The decision – between Qantas Airways and Transport Workers Union of Australia (TWU) – confirms that protections under the Fair Work Act 2009 (Cth) (FW Act) extend to adverse action taken to prevent the exercise of a workplace right that might arise in the future – that is, a right that does not exist at the time the action is taken.
On the face of it, this decision expands the scope of the adverse action regime, and therefore protections for employees. In the context of recent and proposed legislative changes that are favourable to employees, this is another setback for employers.
However, in practice, this decision may not have the wide-ranging implications that has been feared by employer industry groups. As has been the case since the 2012 Barclay decision, evidence of the decision maker’s true motivations for taking adverse action remains critical to employers defending adverse action claims. In the Qantas judgment, the High Court confirmed that an employer can have an “appreciation” of a possible future exercise of a workplace right when making decisions without it constituting a substantial and operative reason for taking adverse action. However, evidence of the decision maker is crucial in proving this.
Following this decision, employers should be aware that any decisions that are made to prevent the exercise of workplace rights that don’t yet exist may still be found to be in breach of the FW Act.
The Qantas cases also continue to emphasise that decision makers must be able to give clear, cogent evidence in the witness box in order to be believed by the trial judge about their true motivations for decisions in order to successfully defend adverse action claims.
In November 2020, Qantas decided to outsource some of its ground handling operations to, it said, enable it to engage staff with the agility required during and after the Covid-19 pandemic. The nominal expiry date of the enterprise agreements covering incumbent employees was in the middle of 2021.
The TWU argued on behalf of the affected employees that Qantas’ decision was motivated by its desire to prevent those employees from organising, participating in bargaining for a replacement enterprise agreement, and engaging in protected industrial action after the nominal expiry date. Qantas maintained that it made the outsourcing decision for sound commercial reasons: namely, to keep the airline financially viable following Covid-related interruptions.
The primary trial judge found that while Qantas had “sound commercial reasons for the outsourcing decision”, the substantial and operative reason for the decision was to prevent the affected employees from exercising their workplace rights to engage in protected industrial action and to participate in bargaining.
That decision was upheld in the Full Federal Court, which Qantas appealed to the High Court.

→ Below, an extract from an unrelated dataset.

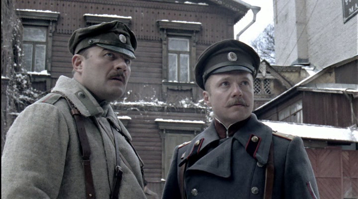 А вот один из моих любимых кинофильмов, по мотивам булгаковского творчества- "Белая гвардия". На Андреевском цирюльник предлагает господам офицерам посетить их барбершоп и избавиться от уставных усов, которые непременно выдали бы белую кость входящим в город петлюровцам. На заднем плане цирюльник орудует опасной бритвой над физиономией ещё одного офицера. Горячий Мышлаевский (Пореченков) порывается к наглецу, но более спокойный и рассудительный Степанов (Стычкин) сдерживает его со словами: "А что? Погоны мы хочешь-не хочешь снимем. Равно как и кокарды. А без погон да в усах- это, брат, как без порток да в кивере. Брей!" Волхвы не боятся могучих владык,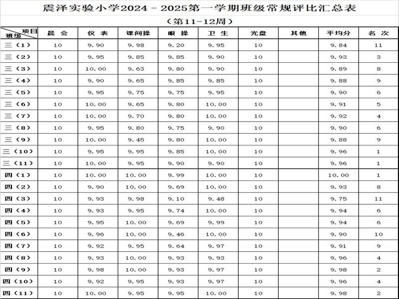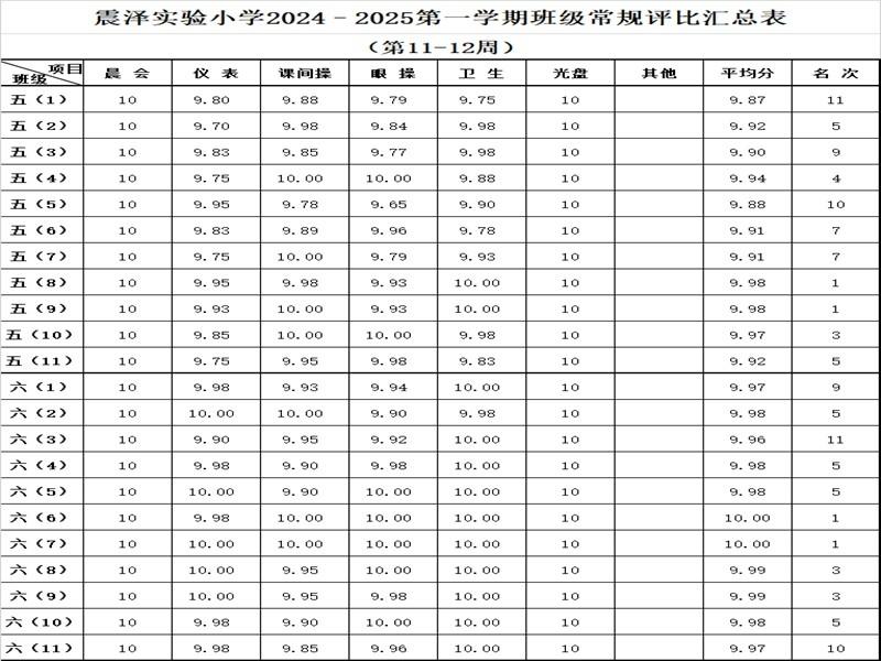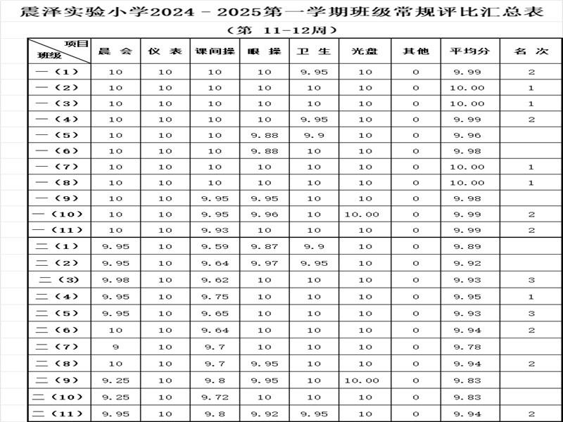 震泽实验小学2024–2025第一学期班级常规评比汇总表(11-12周)

A central issue in this case was whether employees had a protectable workplace right if, at the time adverse action was taken, the workplace right did not exist but would in future.
From a legal perspective, Qantas asserted that section 340(1)(b) of the FW Act – taking adverse action to prevent the exercise of a workplace right – applies only where that right exists at the time of the adverse action. Qantas also argued that an employer would not be in breach of section 340 merely because a reason for the timing of the adverse action is "to take advantage of an architectural feature of the Act which positively denies to the TWU and employees the right to oppose the decision by industrial action, a denial which delay might reverse".
The High Court decision
The High Court rejected Qantas’ characterisation of section 340 of the FW Act. It said that:
- preventing the exercise of a workplace right includes “putting an obstacle in the way of” the exercise of a presently held right, and exercising a right that may arise at some future date;
- the FW Act does not require a temporal relationship between the workplace right and adverse action (although usually that is relied upon as an evidentiary element by applicant employees); and
- employers could consider the existence and terms of enterprise agreements when making decisions about the future, which would not be unlawful provided the consideration does not become a substantial and operative reason for preventing the exercise of a workplace right – that is, employers can (and, at times, should) have an appreciation of workplace rights when making decisions and that appreciation won’t necessarily be unlawful.
Qantas’ appeals were on a point of law rather than on the trial judge’s findings about the substantial and operative reasons for dismissal. This recognises the difficulty in overturning adverse action decisions where the trial judge makes a finding of fact about reasons for dismissal. The difficulty arises because appeal courts are reluctant to overturn those findings where they have not heard the evidence of the decision makers, and therefore are not best placed to make findings of credibility or the decision maker’s mindset.